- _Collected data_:
==*==

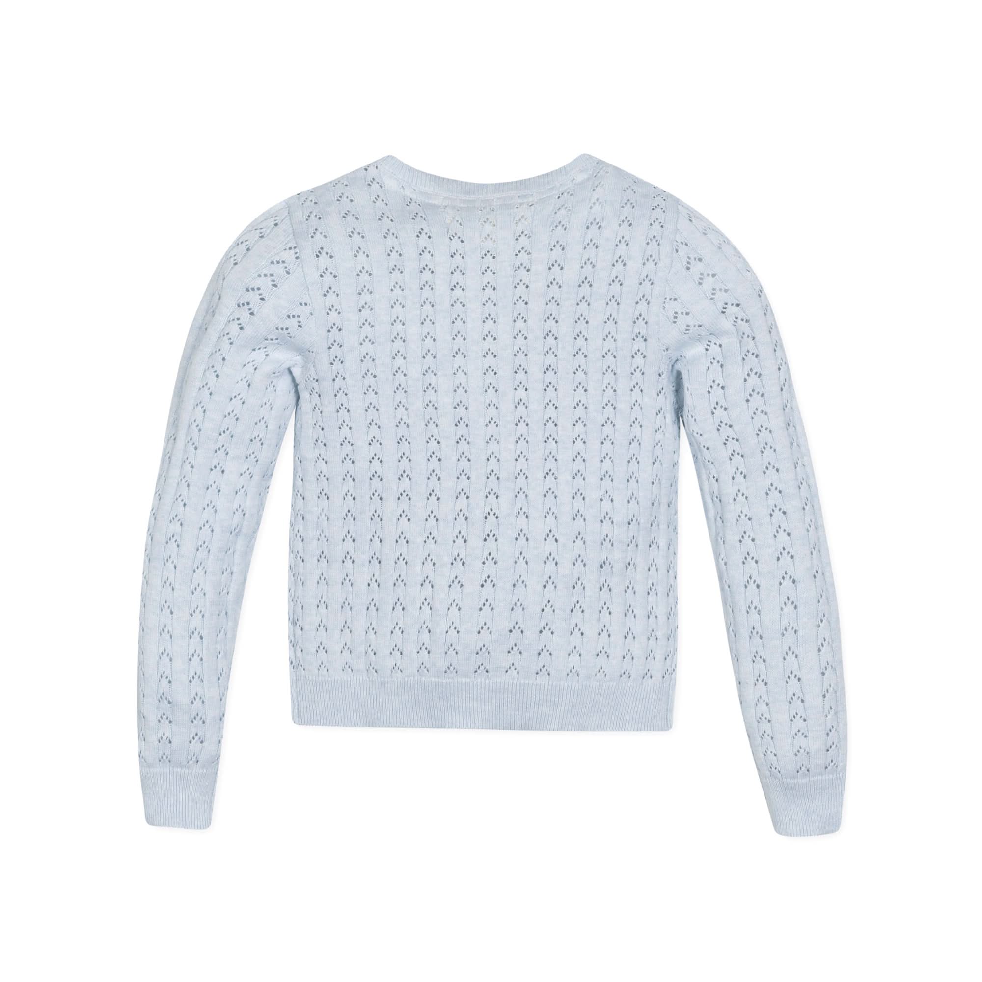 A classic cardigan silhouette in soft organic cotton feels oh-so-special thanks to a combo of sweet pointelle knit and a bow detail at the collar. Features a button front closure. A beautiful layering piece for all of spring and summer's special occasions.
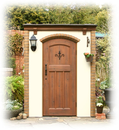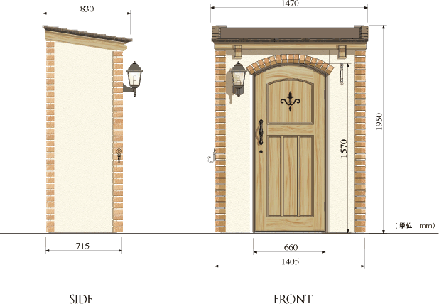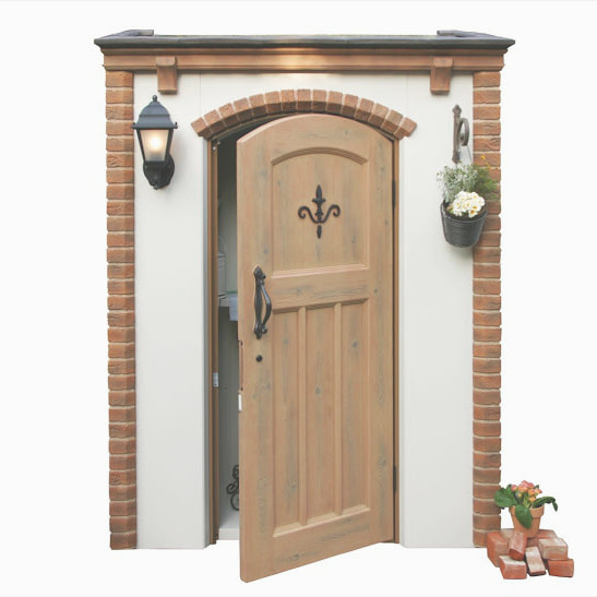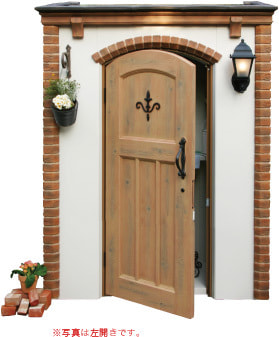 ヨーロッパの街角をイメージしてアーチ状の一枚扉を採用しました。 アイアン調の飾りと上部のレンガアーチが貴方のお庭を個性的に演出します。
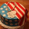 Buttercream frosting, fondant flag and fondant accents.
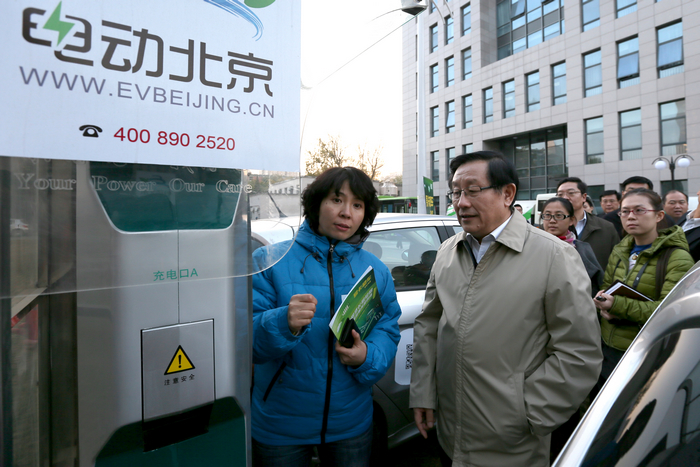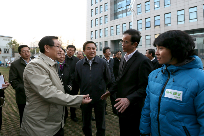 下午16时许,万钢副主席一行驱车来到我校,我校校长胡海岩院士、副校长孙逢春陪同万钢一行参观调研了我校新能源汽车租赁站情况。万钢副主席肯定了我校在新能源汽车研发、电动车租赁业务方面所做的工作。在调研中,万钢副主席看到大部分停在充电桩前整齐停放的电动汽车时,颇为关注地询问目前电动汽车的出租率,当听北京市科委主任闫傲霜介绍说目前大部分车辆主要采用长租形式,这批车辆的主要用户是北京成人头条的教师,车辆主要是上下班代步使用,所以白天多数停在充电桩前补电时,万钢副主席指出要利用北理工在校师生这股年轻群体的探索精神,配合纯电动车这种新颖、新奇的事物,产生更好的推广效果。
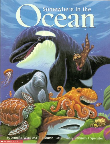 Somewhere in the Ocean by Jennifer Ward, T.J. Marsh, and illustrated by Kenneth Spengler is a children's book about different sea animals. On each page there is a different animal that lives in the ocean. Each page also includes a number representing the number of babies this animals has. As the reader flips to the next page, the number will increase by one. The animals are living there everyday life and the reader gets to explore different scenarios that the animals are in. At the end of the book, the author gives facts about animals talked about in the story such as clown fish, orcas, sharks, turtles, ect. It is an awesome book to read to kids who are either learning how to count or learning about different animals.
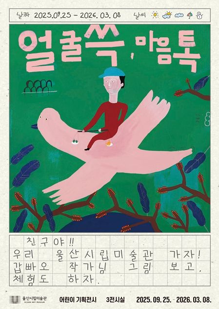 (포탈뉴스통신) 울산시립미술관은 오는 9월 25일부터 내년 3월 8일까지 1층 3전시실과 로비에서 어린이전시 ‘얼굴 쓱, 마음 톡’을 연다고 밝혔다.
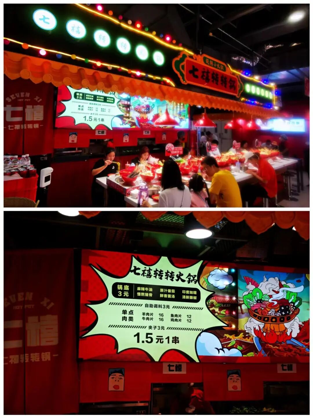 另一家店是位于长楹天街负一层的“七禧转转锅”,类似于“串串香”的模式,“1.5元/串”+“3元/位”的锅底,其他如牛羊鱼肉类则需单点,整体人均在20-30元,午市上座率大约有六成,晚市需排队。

==*==

- _Task objective_: When you repeat the data, keep it exact and drop every picture.

- _Written answer_:
 A classic cardigan silhouette in soft organic cotton feels oh-so-special thanks to a combo of sweet pointelle knit and a bow detail at the collar. Features a button front closure. A beautiful layering piece for all of spring and summer's special occasions.
 ヨーロッパの街角をイメージしてアーチ状の一枚扉を採用しました。 アイアン調の飾りと上部のレンガアーチが貴方のお庭を個性的に演出します。
 Buttercream frosting, fondant flag and fondant accents.
 下午16时许,万钢副主席一行驱车来到我校,我校校长胡海岩院士、副校长孙逢春陪同万钢一行参观调研了我校新能源汽车租赁站情况。万钢副主席肯定了我校在新能源汽车研发、电动车租赁业务方面所做的工作。在调研中,万钢副主席看到大部分停在充电桩前整齐停放的电动汽车时,颇为关注地询问目前电动汽车的出租率,当听北京市科委主任闫傲霜介绍说目前大部分车辆主要采用长租形式,这批车辆的主要用户是北京成人头条的教师,车辆主要是上下班代步使用,所以白天多数停在充电桩前补电时,万钢副主席指出要利用北理工在校师生这股年轻群体的探索精神,配合纯电动车这种新颖、新奇的事物,产生更好的推广效果。
 Somewhere in the Ocean by Jennifer Ward, T.J. Marsh, and illustrated by Kenneth Spengler is a children's book about different sea animals. On each page there is a different animal that lives in the ocean. Each page also includes a number representing the number of babies this animals has. As the reader flips to the next page, the number will increase by one. The animals are living there everyday life and the reader gets to explore different scenarios that the animals are in. At the end of the book, the author gives facts about animals talked about in the story such as clown fish, orcas, sharks, turtles, ect. It is an awesome book to read to kids who are either learning how to count or learning about different animals.
 (포탈뉴스통신) 울산시립미술관은 오는 9월 25일부터 내년 3월 8일까지 1층 3전시실과 로비에서 어린이전시 ‘얼굴 쓱, 마음 톡’을 연다고 밝혔다.
 另一家店是位于长楹天街负一层的“七禧转转锅”,类似于“串串香”的模式,“1.5元/串”+“3元/位”的锅底,其他如牛羊鱼肉类则需单点,整体人均在20-30元,午市上座率大约有六成,晚市需排队。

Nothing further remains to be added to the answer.